Dataset documentation states any entries with an inspection date of 1900-01-01 are new restaurants without an inspection yet. These will have to be filtered out in later analyses.

Let's start by seeing how many total restaurants are in this dataset?

In [12]:
%%sql
SELECT COUNT(DISTINCT camis) AS n_restaurants
FROM inspections;

 * sqlite:///nyc_inspections.db
Done.


n_restaurants
28348


In [13]:
# Save result to workspace
n_restau = _

Next we'll try filtering the results for inspections that resulted in a valid grade.
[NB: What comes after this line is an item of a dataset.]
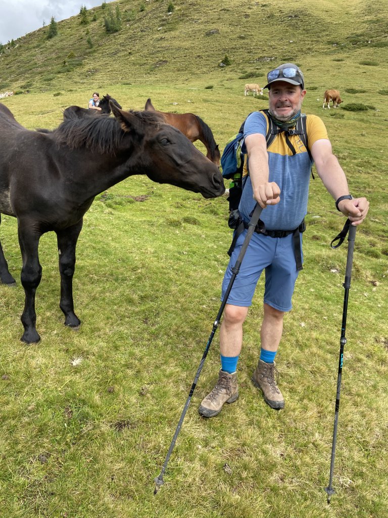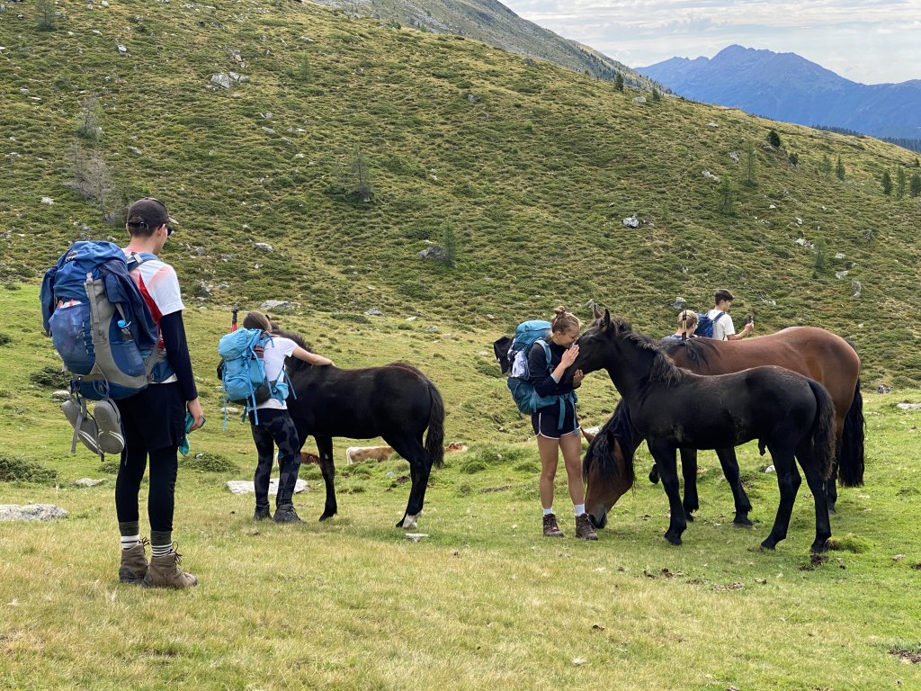 Aufbruch um 08:30 Uhr. Ein kurzer, steiler Anstieg führt uns auf die Obere Seescharte. Der Blick tief hinunter ins Debanttal und weit in die Südtiroler Dolomiten ist atemberaubend. Viel interessanter ist jedoch der LTE Empfang. Endlich wieder sinnlose Whatsapps lesen, Instagram Profile füllen, Mama, Papa, Opa, Tante informieren, dass man gerade Internet hat… aber das ist schon OK. Ich gehe schließlich mit schlechtem Beispiel voran und beantworte ein paar der zig Dienstmails, die aufgelaufen sind. Wer weiß schon, wo das nächste Funkloch lauert. Irgendwann blase ich zum Aufbruch und gehe voran, den Wiener Höhenweg hinunter. Unten beginnen dann die Almwiesen. Dort lassen wir die Kinder laufen. Natürlich mit dem Hinweis, Selfies mit süßen Kälbern zu unterlassen. Mama Kuh ist bekanntlich nie weit. An einer Horde Pferde kommen die Kinder dann doch nicht vorbei, ohne innige Freundschaften zu schließen. Ich wusste gar nicht, dass die Tiere so zutraulich sind. Eins verfolgt mich und leckt an meinem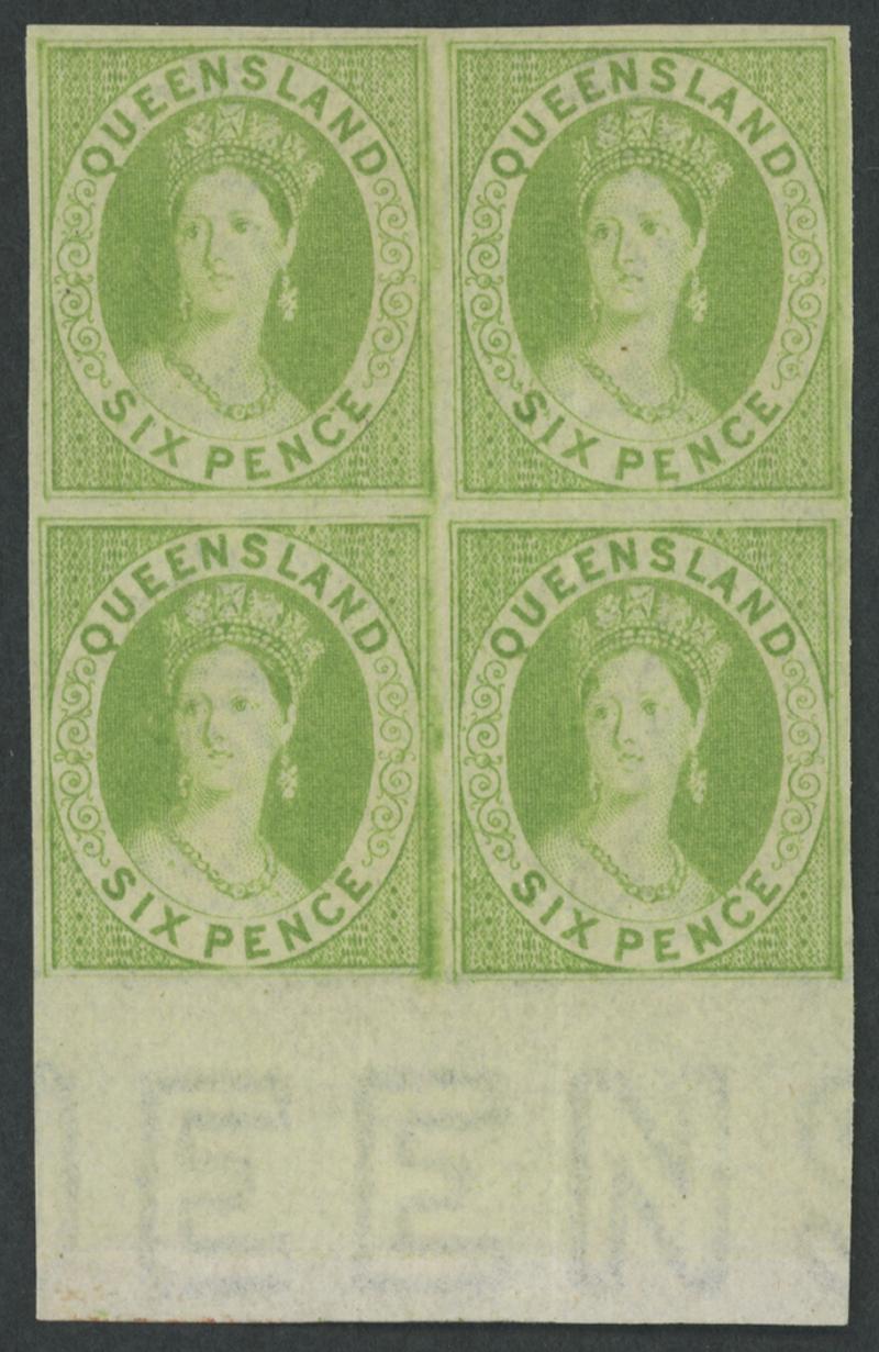 1868-78 QV Chalons Crown/Q Watermark '5' 6d pale apple-green marginal imperforate block of 4 SG 92a from base of the sheet, marginal '...UEENS...' watermark, unused, Cat £1900+ for two pairs. Gorgeous and superb. Ex Marcel Burrus, Richard Stevenson and Bernie Manning: sold for $5825 (Sale 128 Lot 274). The Dale-Lichtenstein/Robert Jenkins non-marginal block of 4 sold for $4140 at our auction of 10.3.2007 (Sale 127 Lot 2453) and again for $3495 at our auction of 2.5.2014 (Sale 190 Lot 1382). Gary Diffen's adjoining block of 6 (3x2) with '...SLAND...' watermark sold for £1920. (Image1)

For anything but initial inspections, grades are not given unless the score is <= 13. If a restaurant recieves a score > 13, the grade for that inspection will still be the grade received during the last inspection cycle and is therefore not reflective of their "current" grade.

In [14]:
%%sql
SELECT camis, MAX(inspecdate) AS lastinspection, grade, score
FROM inspections
WHERE (
      inspectype IN (                                            
            'Cycle Inspection / Re-inspection',
            'Pre-permit (Operational) / Re-inspection'
            )
      OR (inspectype IN (
            'Cycle Inspection / Initial Inspection',                                  
            'Pre-permit (Operational) / Initial Inspection'
            )
            AND SCORE <= 13
            )
      OR (inspectype IN (                                                    
            'Pre-permit (Operational) / Reopening Inspection',
            'Cycle Inspection / Reopening Inspection'
            )))
      AND GRADE IN ('A', 'B', 'C', 'P', 'Z')
GROUP BY camis
LIMIT 10;

 * sqlite:///nyc_inspections.db
Done.


CAMIS,lastinspection,GRADE,SCORE
30075445,2023-02-03 00:00:00,Z,13.0
30112340,2022-07-13 00:00:00,A,11.0
30191841,2022-01-04 00:00:00,A,12.0
40356018,2022-02-01 00:00:00,A,7.0
40356483,2022-08-19 00:00:00,A,2.0
40356731,2023-01-17 00:00:00,A,9.0
40357217,2021-07-28 00:00:00,A,10.0
40359480,2022-05-03 00:00:00,A,9.0
40359705,2022-02-10 00:00:00,A,12.0
40360045,2023-01-31 00:00:00,A,13.0


How many restaurants does this leave us with?

In [15]:
%%sql
SELECT COUNT(camis) AS n_restaurants
FROM (
      SELECT camis, MAX(inspecdate) AS lastinspection, grade, score
      FROM inspections
      WHERE (
            inspectype IN (                                            
                  'Cycle Inspection / Re-inspection',
                  'Pre-permit (Operational) / Re-inspection'
                  )
            OR (inspectype IN (
                  'Cycle Inspection / Initial Inspection',                                  
                  'Pre-permit (Operational) / Initial Inspection'
                  )
                  AND SCORE <= 13
                  )
            OR (inspectype IN (                                                    
                  'Pre-permit (Operational) / Reopening Inspection',
                  'Cycle Inspection / Reopening Inspection'
                  )))
            AND GRADE IN ('A', 'B', 'C', 'P', 'Z')
      GROUP BY camis
      )

 * sqlite:///nyc_inspections.db
Done.


n_restaurants
22228


In [16]:
n_restau_graded = _

How many restaurants in the dataset did not have valid grades?

In [17]:
df_restau = n_restau.DataFrame()
df_restau_graded = n_restau_graded.DataFrame()

invalid = int(df_restau.values - df_restau_graded.values)
print(f'{invalid} out of {int(df_restau.values)} restaurants had invalid grades.')

6120 out of 28348 restaurants had invalid grades.